I would now like to turn conference over to Alex Bauer, Investor Relations. Please go ahead.
Thank you, operator. Good afternoon everyone and welcome to TriNet’s 2019 third quarter conference call. Joining me today are Burton M. Goldfield, our President and CEO; and Richard Beckert, our Chief Financial Officer. Our prepared remarks were pre-recorded. Burton will begin with an overview of our third quarter operating and financial performance. Richard will then review our financial results in more detail. We will then open up the call for a Q&A session.
Before we begin, please note that today’s discussion will include our 2019 fourth quarter and full-year guidance and other statements that are not historical in nature, are predictive in nature, or depend upon, or refer to future events, or conditions such as our expectations, estimates, predictions, strategies, beliefs, or other statements that might be considered forward-looking. These forward-looking statements are based on management’s current expectations and assumptions and are inherently subject to risks, uncertainties and changes in circumstances that are difficult to predict and that may cause actual results to differ materially from statements being made today or in the future. Except as may be required by law, we do not undertake to update any of these statements in light of new information, future events or otherwise.
We encourage you to review our most recent public filings with the SEC, including our 10-K and 10-Q filings for a more detailed discussion of the risks, uncertainties and changes in circumstances that may affect our future results or the market price of our stock. In addition, our discussion today will include non-GAAP financial measures, including our forward-looking guidance for non-GAAP net service revenues, adjusted EBITDA, adjusted EBITDA margin, and adjusted net income.

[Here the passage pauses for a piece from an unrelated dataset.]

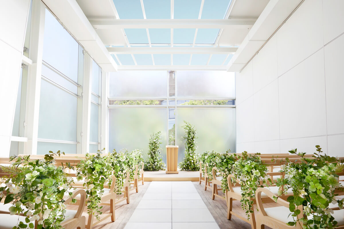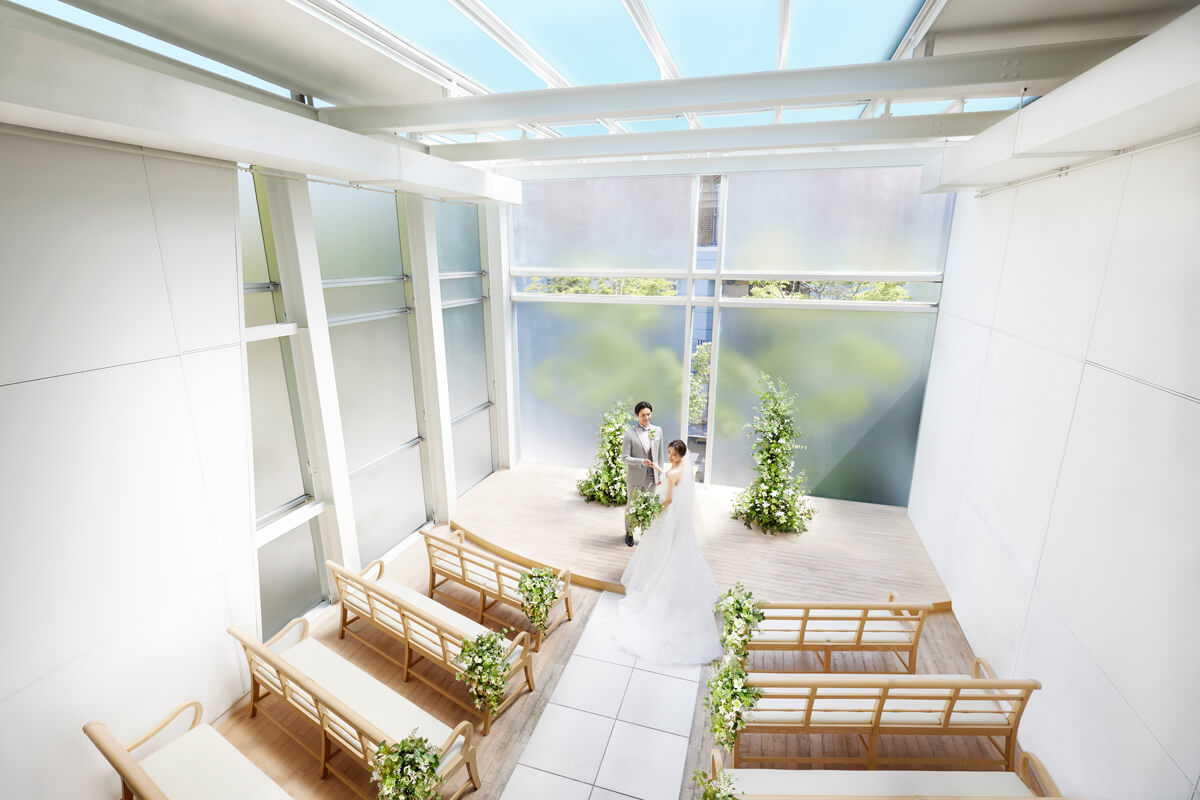 まばゆい白を基調にしておふたりの純粋な想いを形にしたチャペル。

For reconciliations of our non-GAAP financial measures to our GAAP financial results, please see our earnings release or our 10-Q filing for our third quarter of 2019, which are available on our website or through the SEC website. A reconciliation of our non-GAAP forward-looking guidance to the most directly comparable GAAP measures is also available on our website.
With that, I will turn the call over to Burton for his opening remarks.
Thank you, Alex. In the third quarter, we continue to accelerate our business momentum. The TriNet sales and services organization successfully delivered value in the verticals we serve. The revenue and volume growth is expected to continue.
Our third quarter financial results were impacted by higher health costs, as the trend we experienced in the first and second quarter continued with one national carrier. We have taken steps to mitigate these higher costs and we anticipate returning to a normalized cost trend in 2020. In the third quarter, we grew GAAP total revenues a 11% year-over-year to $969 million, while net service revenues declined by 4% year-over-year to $221 million.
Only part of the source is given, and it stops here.